Applying these principles in Carr v. Patram, 193 Va. 604, 70 S.E.2d 308 (1952), we held a driver was not grossly negligent in losing control of her car when a tire went flat. This was so even though the driver admitted she may have put her foot on the accelerator rather than the brake. Id. at 611, 70 S.E.2d at 313. Similarly, in Lloyd v. Green, 194 Va. 948, 76 S.E.2d 190 (1953), a driver lost control of her car after she was recklessly passed by another vehicle. We held that, while the driver may have become unnerved by the emergency and failed to act promptly and intelligently, this conduct did not amount to gross negligence. Id. at 954, 76 S.E.2d at 194.

In the instant case, Windley does not claim the driver was negligent in any respect before the missiles were thrown at the bus, nor does he argue the driver violated a statutory duty. He contends, however, that the sudden, abrupt stopping of the bus while the driver knew he was standing in the aisle warranted the jury's finding that the driver was guilty of gross negligence.

Viewing the evidence and all reasonable inferences in the light most favorable to Windley, we conclude the driver's actions were not so negligent as to "shock fair minded persons." The events leading to Windley's injury, including the stopping of the bus at the telephone booth, were precipitated by the dangerous and senseless acts of unknown persons. It is apparent that, confronted with a sudden attack upon his bus, the driver acted reasonably under the circumstances. While he may not have taken the wisest course, he was clearly not grossly negligent.
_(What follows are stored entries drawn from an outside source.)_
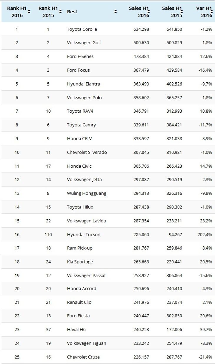The Ford Focus joins the list at fourth place with 367 479 sales and Hyundai’s Elantra cracks fifth place with 363 490 sales in the first half of the year. Another car from Hyundai that's showing significant gains is the recently introduced Tucson, which jumped 94 places and is currently placed 16th with 285 060 sales so far.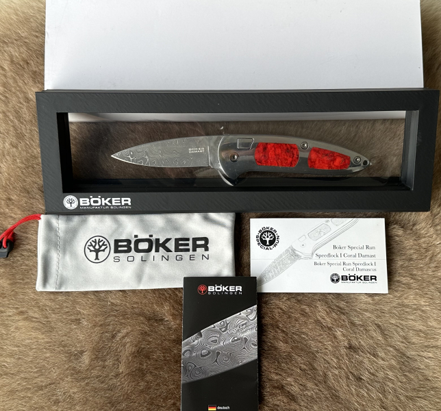 Böker Damast Speedlock 1 2.0 Damast mit Coral.Damast Chad Nichols/USA im Muster „Scramble“. Als Einlage kommt auf Hochglanz polierte, echte Koralle zum Einsatz, die von den Spezialisten von Santa Fe Stoneworks in aufwändiger Handarbeit in die Griffe eingelegt wird. Streng limitiert auf 199 Exemplare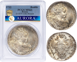 1 рубль 1732 года. С брошью на груди. Скипетр с трилистником. PCGS MS63. ТОП-грейд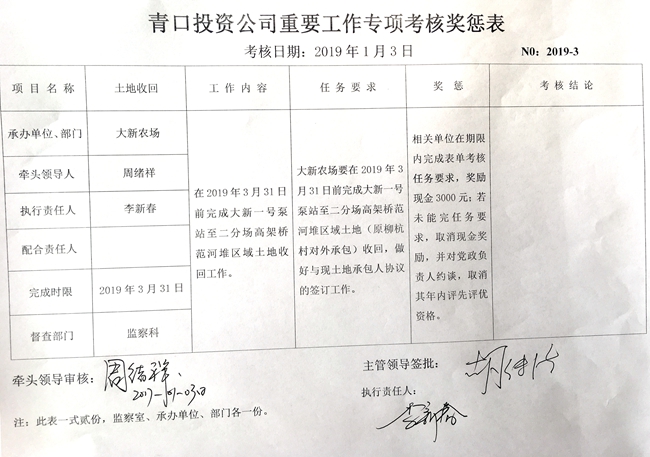 【表單考核】青口投資公司重要工作專項(xiàng)考核獎懲表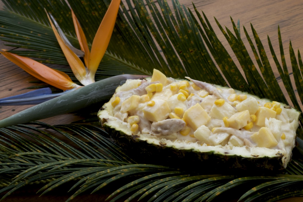 abacaxi, queijo prato, presunto, milho, passa branca  e molho supremo

Accordingly, we will reverse the judgment of the trial court and enter final judgment for the appellant.

Reversed and final judgment.

NOTES

[*] Code § 8-646.1 provided that:

No person transported by the owner or operator of any motor vehicle as a guest without payment for such transportation ... shall be entitled to recover damages against such owner or operator for death or injuries to the person or property of such guest resulting from the operation of such motor vehicle, unless such death or injury was caused or resulted from the gross negligence or willful and wanton disregard of the safety of the person or property of the person being so transported on the part of such owner or operator.

In April, 1974, the General Assembly amended Code § 8-646.1 to provide that a guest could recover from an owner or operator upon proving simple negligence. Acts 1974, c. 551. This section has been recodified as Code § 8.01-63.

Windley objected at trial to the requirement that he prove gross negligence. However, since he did not assign cross-error, the trial court's ruling has become the law of the case. Rule 5:27.